Restaurant Awards

Finalists for New Restaurant of the Year 2018

Three hot-to-trot new restaurants - and all of them in Sydney, where diners have been spoiled with openings in the last year. Among the city's many newcomers, you'd be wise to take note of these three names.

Cirrus Dining, Sydney
With the openings of Bentley, Monopole and Yellow under their belts, Brent Savage and Nick Hildebrandt could be forgiven for taking things easy for a while. Instead they decided to double down and open an ambitious seafood restaurant in the waterside site vacated by the Noma Australia pop-up, pulling out all the stops with design by Pascale Gomes-McNabb and a 45-page wine list that's an erudite ode to the charms of white and lighter red varieties. At the same time, the cooking is some of the most relaxed Savage has ever put his name to, and while the service is as professional and pacy as ever, it's also pleasantly low-key. It's the leader of the pack at Barangaroo, and a winning new player on the national scene.
In short: The catch of the day.
Shark Bay red mullet with asparagus, broad beans and fennel at Saint Peter.
Shark penis. Sea urchin gonads on crumpets. Cod liver on toast. Crumbed toothfish cheek. Remember the last time you asked a waiter about the specials and they retorted that everything was special? At Saint Peter it might actually be true. And there's more going on here than clickbait. Even the simple-seeming likes of fish and chips is executed with radical flair and maximum respect for ingredients.
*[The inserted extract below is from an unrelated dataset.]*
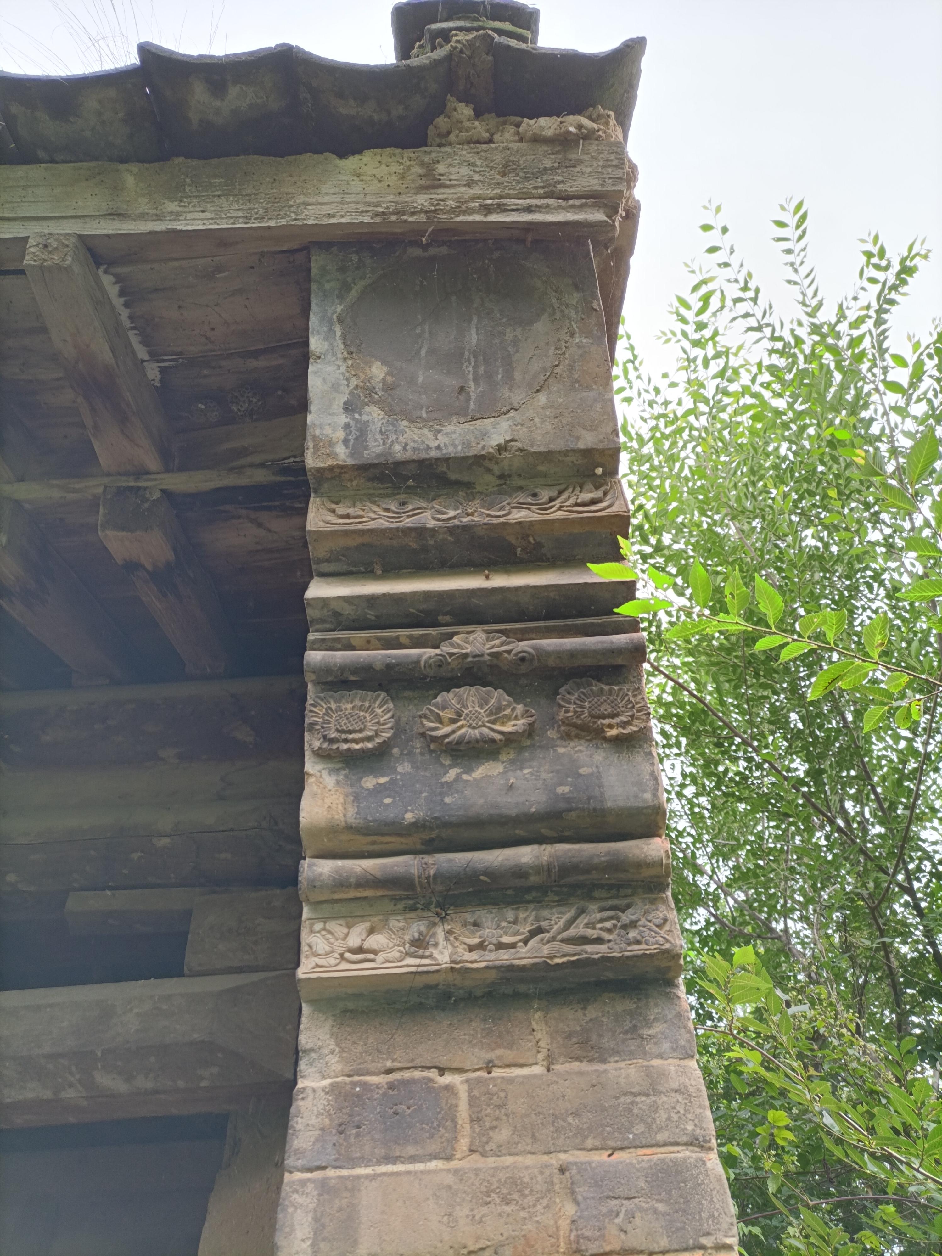一家上中农家的门楼(图6),两侧马头墙为青砖垒就(图7、8),上部有精美的砖雕图案。其中最精彩的部分圆形砖雕,被挖走了,只能用水泥糊上。
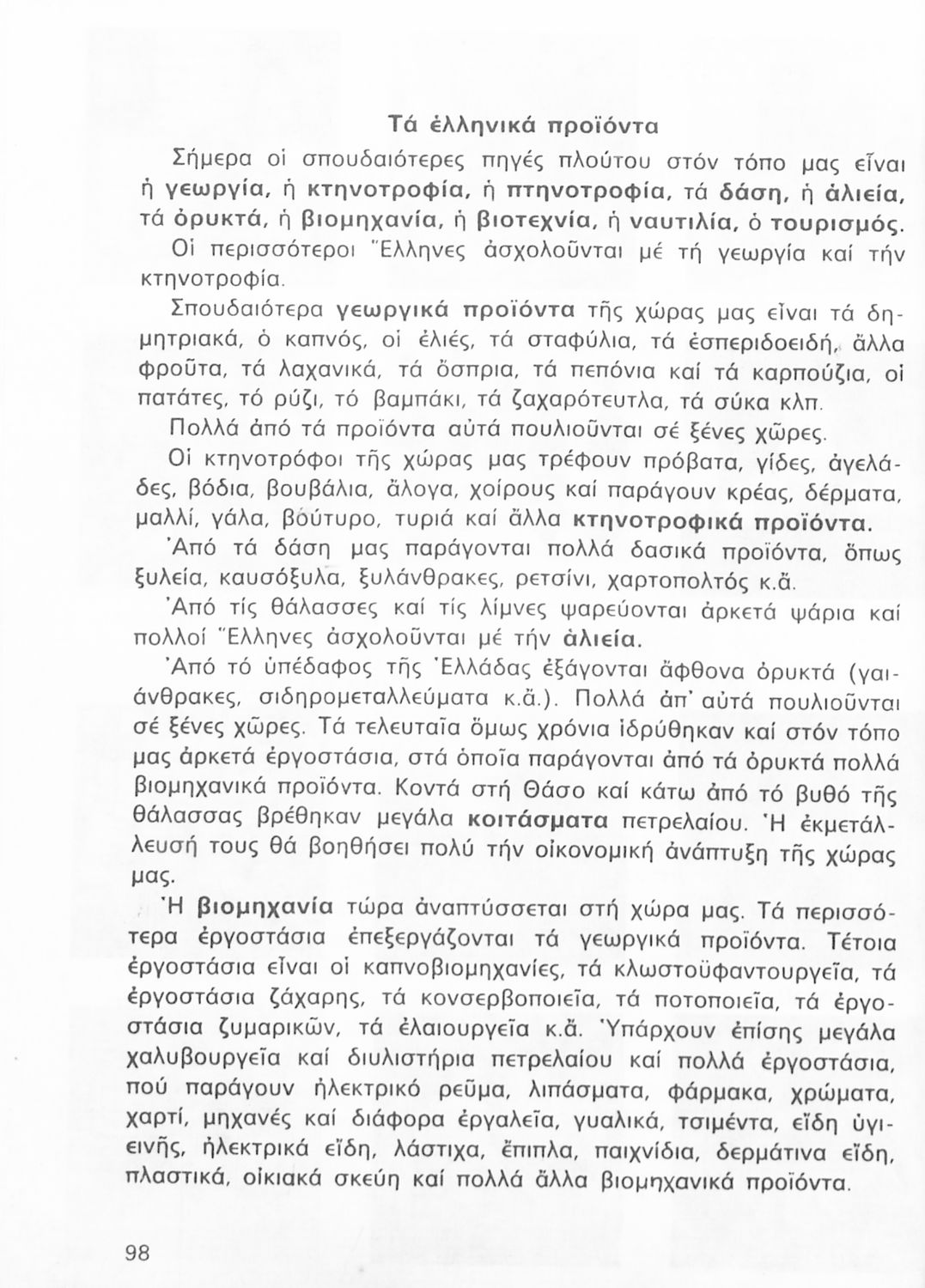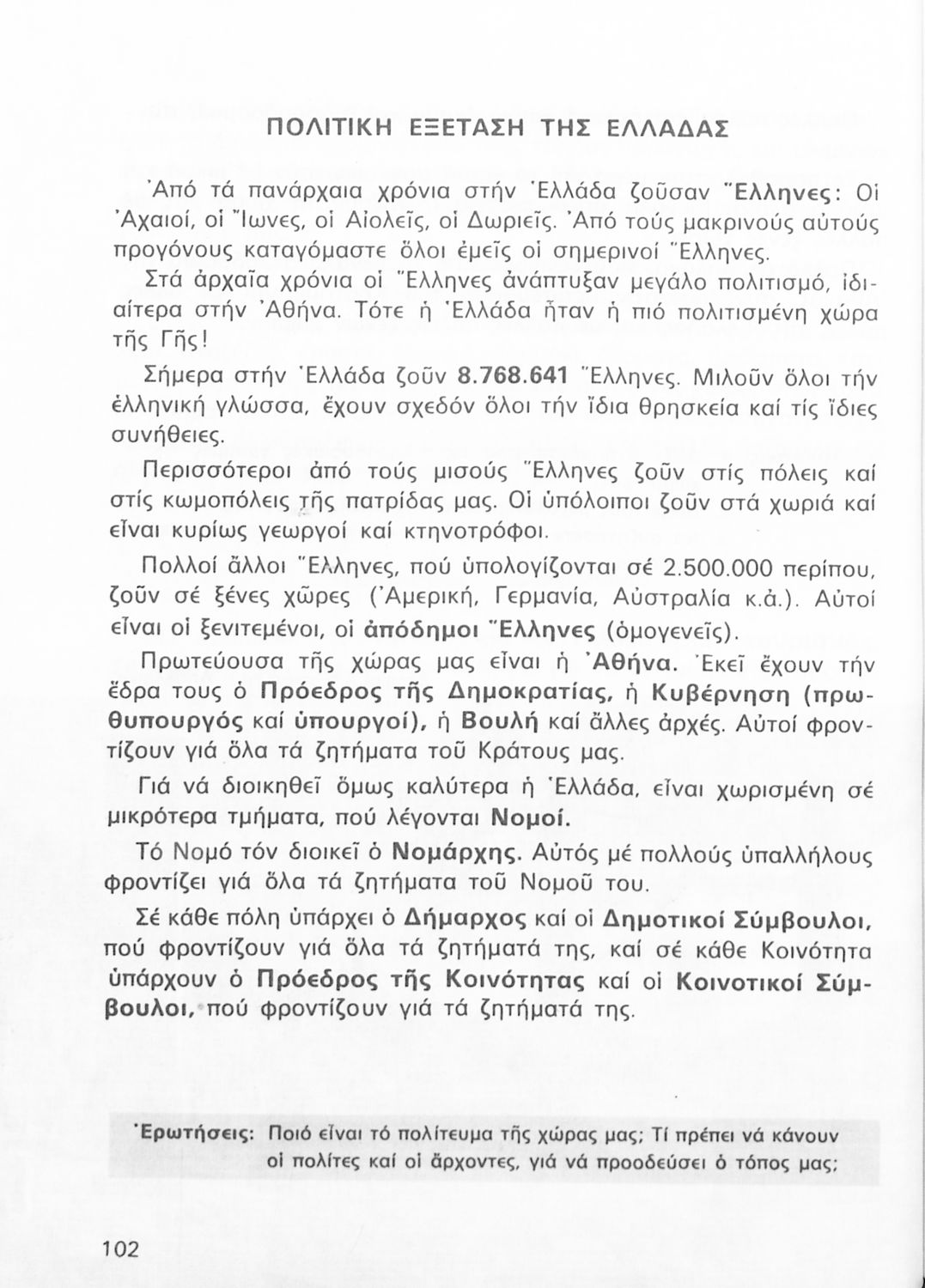 Παρουσίαση περιεχομένου: Σχολικό εγχειρίδιο Γεωγραφίας Γ ΄ και Δ' Δημοτικού. Το πρώτο μέρος του βιβλίου απευθύνεται σε μαθητές της Γ' Δημοτικού και αποτελεί μια εισαγωγή στην πατριδογνωσία με έμφαση στις παραδόσεις της ελληνικής επαρχίας. Το δεύτερο μέρος αφορά την Δ' Δημοτικού και εξετάζει την οικονομική, πολιτική και γεωφυσική γεωγραφία της Ελλάδας.

Josh Niland is on a mission to change the way you think about Australian seafood (and native ingredients and food waste) and he's laying out his argument one fish finger at a time to an adoring fan base. And hey, those were sustainable shark penises.
In short: Fish for compliments.
The open kitchen and hearth at Fred's.
As restaurant conglomerates get bigger and bigger, it's easier than ever to find examples of the fact that money can't buy you taste. But Fred's is a great instance of the big end of town getting it really (really) right. The considerable resources of the Merivale group (international reach for talent, thousands of staff on the books, serious design chops in and out of house, and impressive vinous reserves among them) have been brought to bear on a venue where charm is emphasised over dazzle, provenance is privileged over technique and gifted people like Danielle Alvarez and Caitlyn Rees are given a handsome stage to simply do what they do best. 
In short: The hottest plates in town.